I want to have the kind of hope my dog has when the kids walk around eating chips.
I bought a book on Feng Shuis but I don’t know where to put it.
Nothing fills an awkward silence like a 10 minute kazoo solo.
That’s me at the corner, that’s me at the stoplight choosing no collision
-Michael Stipe selling auto insurance
[True Love’s gf on 7th day of Christmas, forcing smile]
awww Swans! how sweet! thx hon, these 7 birds will go nicely with the other 16 birds
Cop: Did you murder all your friends and make a smoothie out of their dead bodies?
Strawberry Shortcake: I’ve been berry naughty!
I can still taste the cardamom pod I accidentally chewed in that pilau rice in 1989.
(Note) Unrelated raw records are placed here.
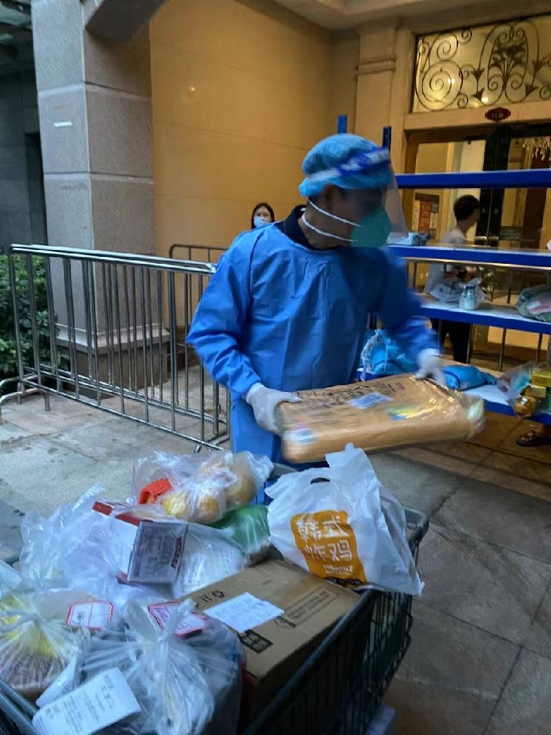 穿上厚厚的防护服,戴上严实的医用口罩、隔离面罩,李潇逸与公司志愿者一起开始了居民物资的运送。自小区封闭管理以来,小区居民从外界购买的大量生活物资只能由志愿者进行转运。物资转运结束后来不及长时间休息,李潇逸和同事又投入到了协助核酸检测的队伍。作为集团派往支援点位协助疫情防控的负责人,全市居家管理的这几天李潇逸一直在支援点位上部署并投身志愿服务工作,为封控区的防疫工作贡献了同心力量。
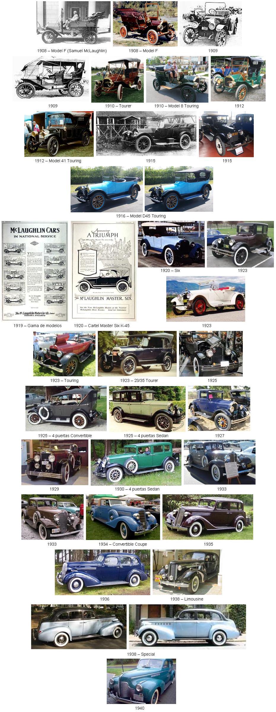 Casi desde el principio, McLaughlin produjo una amplia variedad de modelos en muchos estilos de carrocería, incluyendo un 4 cilindros, un 6 ligero, y un 6 estándar. Cuando Buick adoptó de forma definitiva en 1931 sus famosos motores de 8 cilindros, éstos también fueron utilizados por los McLaughlin-Buick.
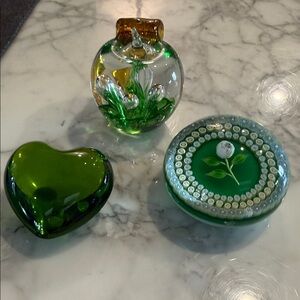 The heart and the flowers is both by Bacharach. The apple is a Scotland artist author throw a paper weights. The flower Bacharach has some defects in it, but the price is priced accordingly.

If someone insults you, the best revenge is to just ignore them and pretend it never bothered you. Although arson works too.
Live, Laugh, Love
Leer, Lunge, Lactate
Do things that start with L
It took me 2 whiskeys to remember I know how to do karate.
Oh. My. God.
Me: You know what would improve this dreadful place? An open bar
Other people in the waiting room:
Asian women look 16 forever and one day out of nowhere look 159 years old.
Ground control: he says he loves you very much
Mrs Major Tom: what’s he done this time?
Could be worse. Someone could be trying to tell you that everything happens for a reason.
me: can I get a job application
mcdonald’s manager: [handing me one] do you have experience
me: oh yeah I’ve filled out hundreds of these
My super power is getting offended when someone tells me to write something down so I don’t forget it, then forgetting it 5 seconds later.
[on 1st date]
Him: So why is someone as pretty as you single?
Me: Single? Who’s single? [gets right up in his face] We marry at dawn.
WIFE: Don’t go into the ball pit with the kids. You always lose your keys.
ME: *already in the ball pit* You’re not going to believe this.